Next we will analyze the distribution of votes, ratings, reviews, pages, and price for each category. We are going to use boxplot for plotting distributions.

fig, axes = plt.subplots(3, 2, figsize=(16, 18), sharey=False, sharex=True)

# First plot Distributions of Readers Choice Votes
sns.boxplot(data=df, x='Readers Choice Category', y='Readers Choice Votes', palette='Set3', ax=axes[0, 0])
axes[0, 0].set_title('Distribution of Readers Choice Votes for Each Category')
axes[0, 0].set_ylabel('Votes')

# Second plot Distribution of Average Ratings
sns.boxplot(data=df, x='Readers Choice Category', y='Total Avg Rating', palette='Set3', ax=axes[0, 1])
axes[0, 1].set_title('Distribution of Average Ratings for Each Category')
axes[0, 1].set_ylabel('Avg Ratings')

# Third plot Distribution of Number of Ratings
sns.boxplot(data=df, x='Readers Choice Category', y='Number of Ratings', palette='Set3', ax=axes[1, 0])
axes[1, 0].set_title('Distribution of Number of Ratings for Each Category')
axes[1, 0].set_ylabel('Ratings')

# Fourth plot Distribution of Number of Reviews
sns.boxplot(data=df, x='Readers Choice Category', y='Number of Reviews', palette='Set3', ax=axes[1, 1])
axes[1, 1].set_title('Distribution of Number of Reviews for Each Category')
axes[1, 1].set_ylabel('Reviews')

# Fifth plot Distribution of Number of Pages
sns.boxplot(data=df, x='Readers Choice Category', y='Number of Pages', palette='Set3', ax=axes[2, 0])
axes[2, 0].set_title('Distribution of Number of Pages for Each Category')
axes[2, 0].set_ylabel('Pages')

# Sixth plot Distribution of Kindle Price
sns.boxplot(data=df, x='Readers Choice Category', y='Kindle Price', palette='Set3', ax=axes[2, 1])
axes[2, 1].set_title('Distribution of Kindle Price ($) for Each Category')
axes[2, 1].set_ylabel('Kindle Price ($)')

for ax in axes[2, :]:
ax.set_xticklabels(ax.get_xticklabels(), rotation=30, ha='right')

fig.tight_layout()
plt.show()
Category Distribution

As you can see, most of the distribution is skewed, with some extreme outliers in some categories, except in average ratings' distribution where the data is normally distributed. The best way to measure central tendency in skewed data is using median because it is less sensitive to extreme values/outliers.

Analyzing by Category

We’ll now examine by category from votes, ratings, reviews, pages, and price, and find out the Most Popular Category in 2023.

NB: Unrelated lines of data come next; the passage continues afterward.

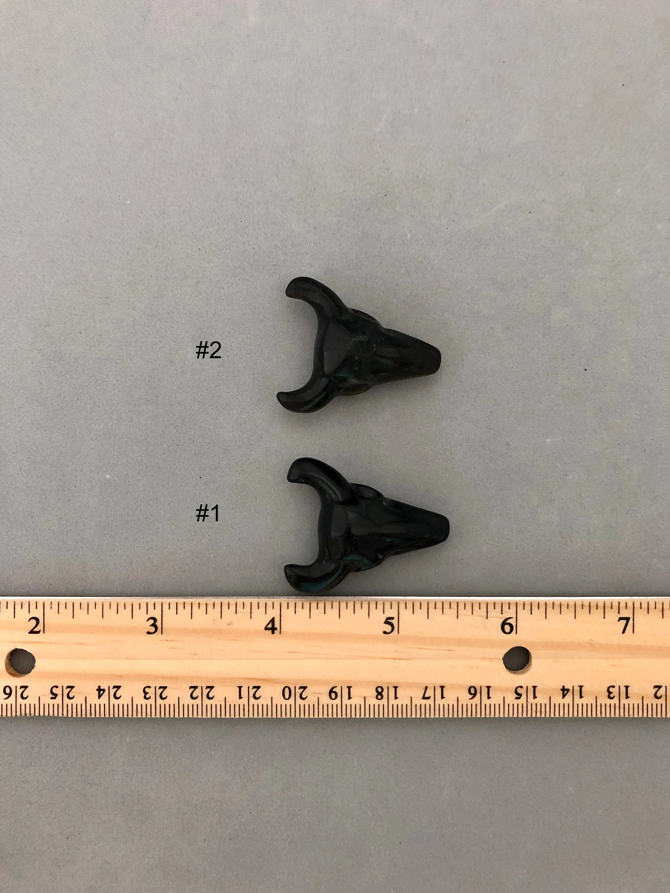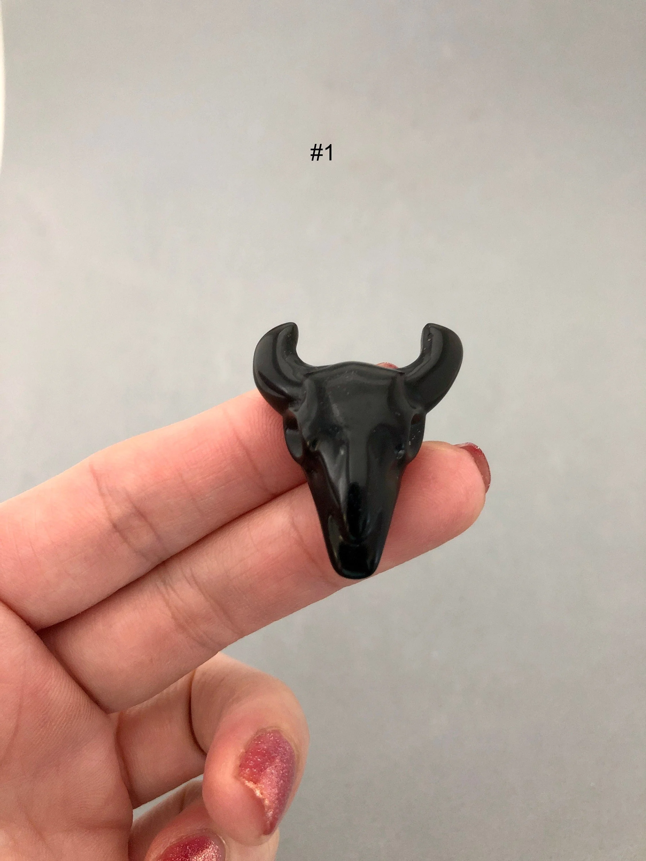 This listing is for one ox/cow/bull skull figurine made from obsidian. You'll choose your preference upon checkout. These are not drilled pieces. Here's more info for each piece: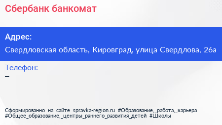 Сбербанк, банкомат по адресу Свердловская область, Кировград, улица Свердлова, 26а в дальнейшем Организация, размещена в следующих категориях: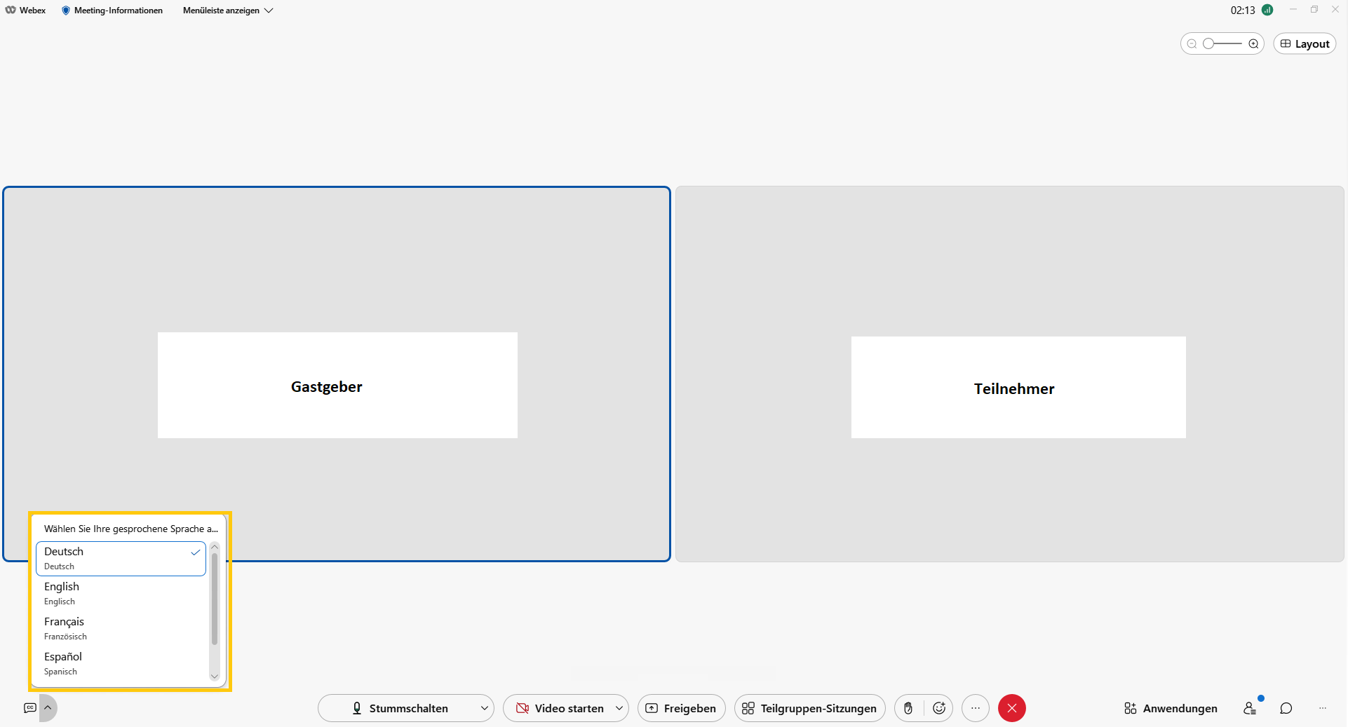 Durch Klick auf den kleinen Pfeil, kann der Gastgeber die Sprache der Untertitel einstellen:

#Determine which column we want to aggregate
aggregations = {'Readers Choice Votes': 'sum',
'Total Avg Rating': 'mean',
'Number of Ratings': 'sum',
'Number of Reviews': 'sum',
'Number of Pages': 'median',
'Kindle Price': 'median',
}

#Group by book category
category_vote = df.groupby('Readers Choice Category').agg(aggregations).sort_values('Readers Choice Votes', ascending=False)

# Calculate the percentage of total votes, total ratings, and total reviews for each category
total_votes = category_vote['Readers Choice Votes'].sum()
total_ratings = category_vote['Number of Ratings'].sum()
total_reviews = category_vote['Number of Reviews'].sum()
percent_of_total_votes = (category_vote['Readers Choice Votes'] / total_votes) * 100
percent_of_total_ratings = (category_vote['Number of Ratings'] / total_ratings) * 100
percent_of_total_reviews = (category_vote['Number of Reviews'] / total_reviews) * 100

# Create new DataFrame of Votes, Ratings, and Reviews
result_df = pd.DataFrame({
'Votes (sum)': category_vote['Readers Choice Votes'],
'% Votes': percent_of_total_votes,
'Avg Ratings': category_vote['Total Avg Rating'].round(2),
'Number of Ratings': category_vote['Number of Ratings'],
'% of Total Ratings': percent_of_total_ratings.round(2),
'Number of Reviews': category_vote['Number of Reviews'],
'% of Total Reviews': percent_of_total_reviews.round(2),
'Median Pages': category_vote['Number of Pages'],
'Median Kindle Price': category_vote['Kindle Price'].round(2)
})

#Find the most voted category
max_voted_cat = result_df['Votes (sum)'].idxmax()
max_votes = result_df['Votes (sum)'].max()
avg_rat = result_df.loc[max_voted_cat, 'Avg Ratings']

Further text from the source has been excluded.